• Study material:
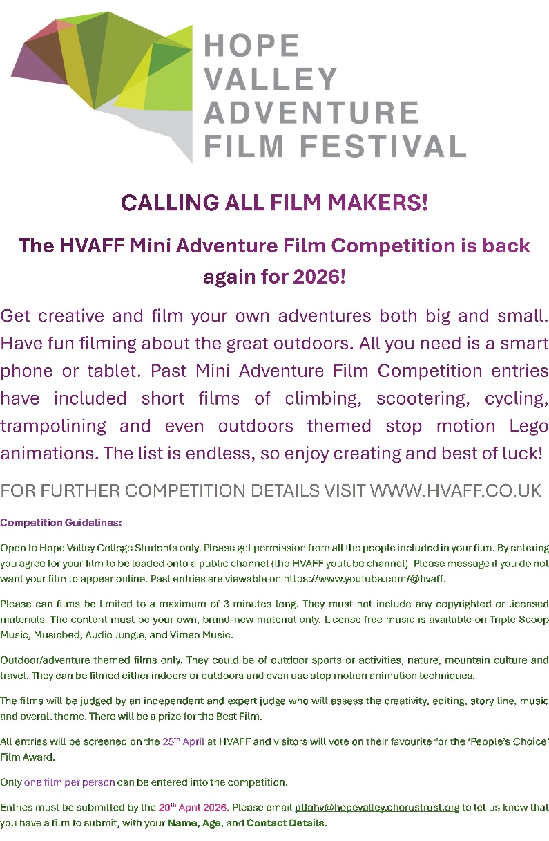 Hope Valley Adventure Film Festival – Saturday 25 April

---

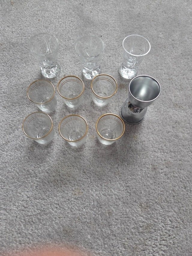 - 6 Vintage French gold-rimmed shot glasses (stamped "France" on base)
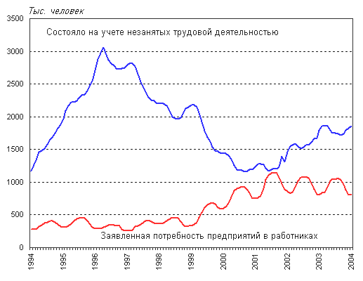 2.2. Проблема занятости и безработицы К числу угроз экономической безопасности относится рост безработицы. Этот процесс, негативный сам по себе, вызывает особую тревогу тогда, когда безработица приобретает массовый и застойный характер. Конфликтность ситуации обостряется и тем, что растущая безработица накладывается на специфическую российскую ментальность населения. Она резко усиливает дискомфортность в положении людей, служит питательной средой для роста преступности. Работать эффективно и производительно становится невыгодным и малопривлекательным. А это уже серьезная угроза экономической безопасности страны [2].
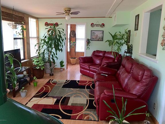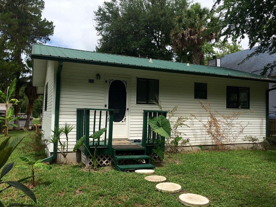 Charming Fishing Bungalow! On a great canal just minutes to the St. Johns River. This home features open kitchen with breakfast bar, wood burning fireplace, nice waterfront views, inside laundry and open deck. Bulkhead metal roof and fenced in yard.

• About this exercise: From the records above, return exactly the lines running from the one that contains "- 6 Vintage" down to the one that contains "Charming Fishing Bungalow!", both included, without any pictures.

• The completed task:
 - 6 Vintage French gold-rimmed shot glasses (stamped "France" on base)
 2.2. Проблема занятости и безработицы К числу угроз экономической безопасности относится рост безработицы. Этот процесс, негативный сам по себе, вызывает особую тревогу тогда, когда безработица приобретает массовый и застойный характер. Конфликтность ситуации обостряется и тем, что растущая безработица накладывается на специфическую российскую ментальность населения. Она резко усиливает дискомфортность в положении людей, служит питательной средой для роста преступности. Работать эффективно и производительно становится невыгодным и малопривлекательным. А это уже серьезная угроза экономической безопасности страны [2].
 Charming Fishing Bungalow! On a great canal just minutes to the St. Johns River. This home features open kitchen with breakfast bar, wood burning fireplace, nice waterfront views, inside laundry and open deck. Bulkhead metal roof and fenced in yard.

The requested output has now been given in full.